BRIEF – Copy out exactly the lines beginning with the one that contains "Почвопокровные: полынь, камнеломка, живучка" and ending at the last line of the listing, skipping any pictures.

DATA IN THIS EXERCISE –

+---+

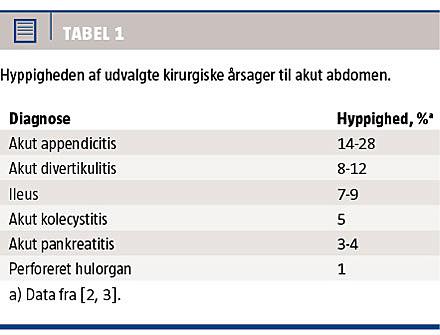 Akut opståede mavesmerter, såkaldt akut abdomen, er årsag til ca. 6,5% af alle henvendelser i akutmodtagelserne [1]. Årsagerne til akut abdomen er forskelligartede, og ikke alle tilfælde er behandlingskrævende.
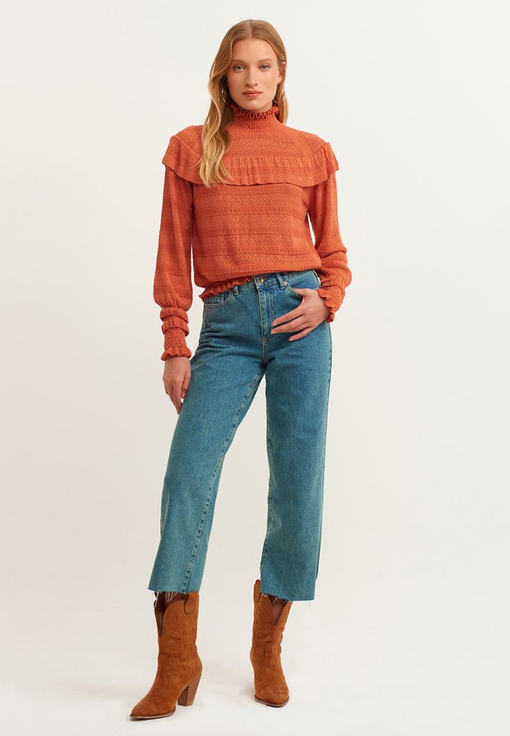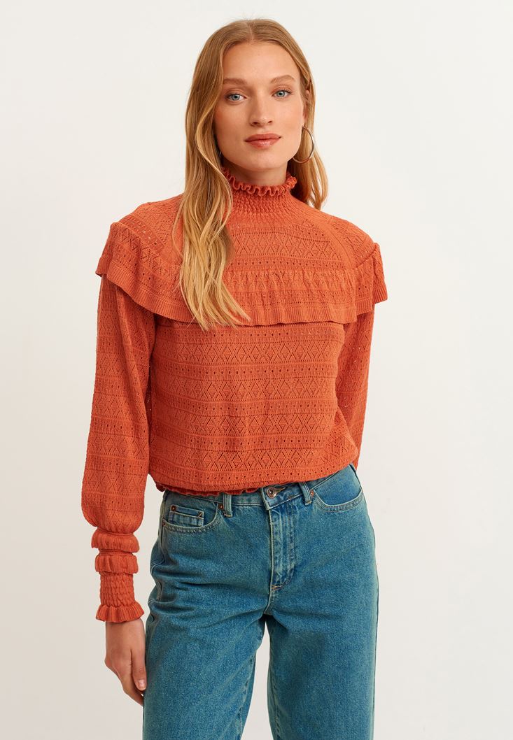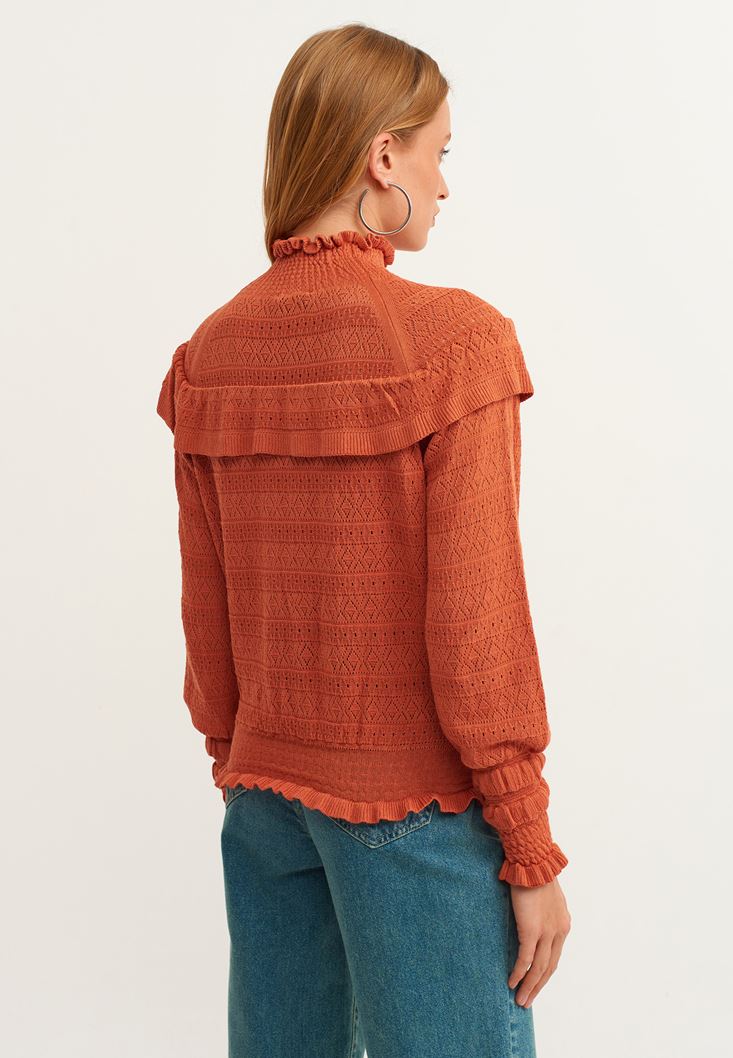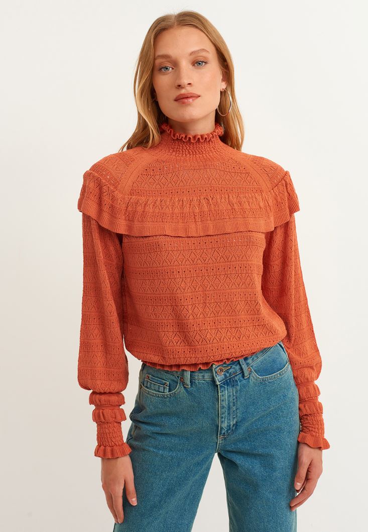 • Bayan Turuncu Fırfır Detaylı Romantik Kazak
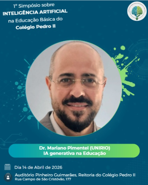 O Prof. Mariano Pimentel (PPGI-UNIRIO) abrirá o segundo dia do 1º Simpósio sobre Inteligência Artificial na Educação Básica, do Colégio Pedro II, com a palestra “IA generativa na Educação”. O Prof. Mariano vai explorar como ferramentas que criam textos, imagens e códigos estão mudando a forma como alunos e professores interagem com o conhecimento. Será que estamos diante de uma transformação drástica na produção de conteúdo escolar?
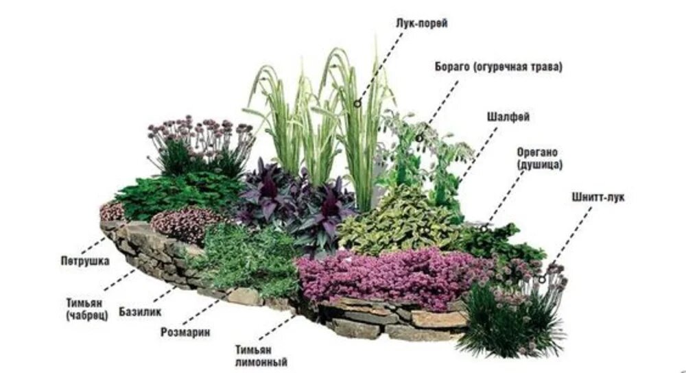 Почвопокровные: полынь, камнеломка, живучка ползучая, стахис, арабис. Многолетние культуры: флокс, эхинацея, рододендрон, барвинок, молодило, родиола, алиссум.
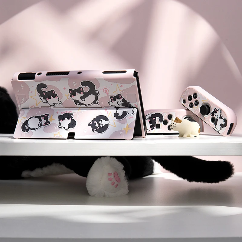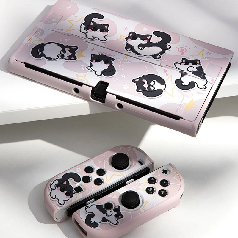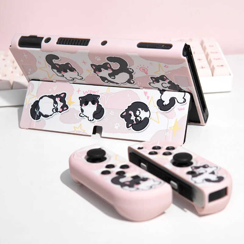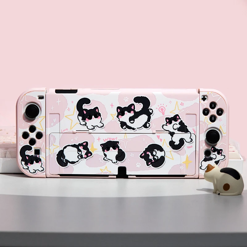 닌텐도 스위치 OLED 케이스 용 Kawaii 고양이 NS 쉘 하드 PC 커버 Nintendo NS 스위치 액세서리 용 분할 Joy-con 보호 케이스
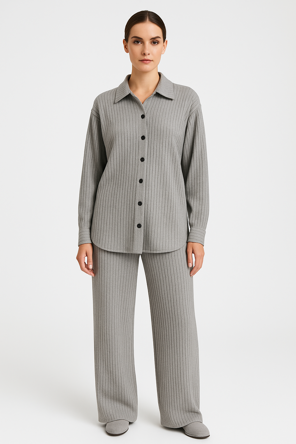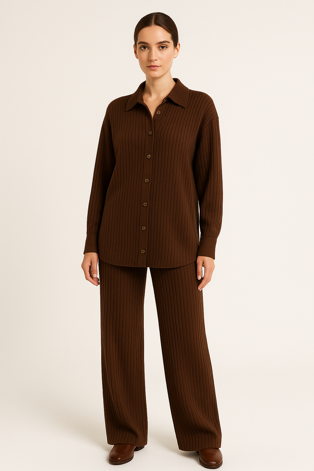 Completo in Maglia Cotelée Due Pezzi | Comfort Elegante | Stile Oversize

+---+

SOLUTION TO THIS TASK –
 Почвопокровные: полынь, камнеломка, живучка ползучая, стахис, арабис. Многолетние культуры: флокс, эхинацея, рододендрон, барвинок, молодило, родиола, алиссум.
 닌텐도 스위치 OLED 케이스 용 Kawaii 고양이 NS 쉘 하드 PC 커버 Nintendo NS 스위치 액세서리 용 분할 Joy-con 보호 케이스
 Completo in Maglia Cotelée Due Pezzi | Comfort Elegante | Stile Oversize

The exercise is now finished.